Im Königssunderngau gelegen, werden erstmalig Hochheim 754 und Flörsheim zwischen 780 und 817 als Flaritesheim in Urkunden genannt. Der Königssunderngau, ein Landbesitz zur Verfügung des Königs ausgesondert, wurde in jener Zeit von Grafen verwaltet, die vom König ernannt wurden und dessen Befehle für die öffentliche Sicherheit auszuführen, Abgaben und Steuern zu erheben, die Rechtsprechung auszuüben und Strafgelder und Bußen zu empfangen hatten.
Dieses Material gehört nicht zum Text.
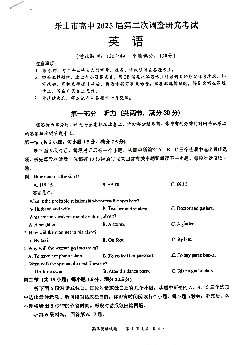 四川省乐山市,自贡市,宜宾市2025届高三第二次诊断性考试英语

Nur dann war der Amtsgewalt dieser Gaugrafen eine Grenze gesetzt, wenn der König einem Bezirk innerhalb der Grafschaft eine Sonderstellung einräumte, deren sich häufig die geistlichen Herren mit ihrem darin liegenden Grundbesitz erfreuten.

Die Lehnsherren

Im 12. Jahrhundert wurden die Grafen des Königssunderngaues nicht mehr ernannt, die Grafschaftsverfassung verfiel, das Amt wurde erblich und haftete nicht mehr an einem geschlossenen Bezirk. Die erblichen Grafengeschlechter erhielten das Land zu Lehen, in dem die Kirche zu Höfen und Rechten, die Klöster und geistlichen Institutionen schon zu reichem Besitz gekommen waren. 1270 waren die Herren von Eppstein Herren von Flörsheim, als sie das „Dorff Viersheim" samt der Gerichtsbarkeit an das Mainzer Domkapitel verkauften. Damit wurde auch die Zuständigkeit des Landgerichts Mechtildshausen für das Dorf gelöst. Statt dessen führte der neue Landesherr das „halbe Schöffengericht", ein, das für Flörsheim die Hochgerichtsbarkeit ausübte. Richter war der vom Domkapitel ernannte Schultheiß, dem sieben Schöffen zur Seite standen. Für Hochheim dagegen, das sich im Besitz des Kölner Domkapitels befand und von diesem am 4. November 1273 dem Mainzer Domkapitel verkauft wurde, das nunmehr die Ortsherrschaft übernahm, war weiterhin die peinliche Gerichtsbarkeit in Mechtildshausen zuständig. Da hier die Grafen von Sponheim Lehnsherren waren, die Vogteigefälle erhoben, ihre Rechte als örtliche Gerichtsherren ausübten und die für das Lehen vereinbarten Gegenleistungen beanspruchten, blieben Streitigkeiten nicht aus, auch nachdem 1313 Sponheim zugunsten der Herren von Eppstein auf die Lehnsherrlichkeit verzichtet hatte.

Das Domkapitel

Das Domkapitel, von den „Geistlichen einer Bischofskirche" gebildet, hatte im Erzstift Mainz eine starke Stellung. Diese gegenüber den Erzbischöfen, die seit Willigis (975-1011) zugleich die geistlichen Oberhirten als auch in ihrer weltlichen Funktion Landesfürsten waren. Die Mainzer Erzbischöfe übernahmen dazu ab 1125 das für die deutsche Königswahl entscheidende Amt des Kurfürsten und nahmen bis in die napoleonische Zeit das Amt eines deutschen Erz- und Reichskanzlers ein. Das Domkapitel wählte den Erzbischof und erlangte in allen Bereichen der erzbischöflichen Verwaltung eine verhältnismäßig starke Stellung. Domkapitulare bildeten das oberste Gericht der Diözese, das nicht nur für Geistliche zuständig war, sondern auch in Zivilsachen tätig werden konnte. Ein Domkapitular war in Abwesenheit des Erzbischofs als Vertreter mit voller Befugnis ausgestattet. Die Beamten und Einwohner im Erzstift mußten dem Erzbischof und dem Domkapitel Treue schwören und waren beiden zu gleichem Gehorsam verpflichtet.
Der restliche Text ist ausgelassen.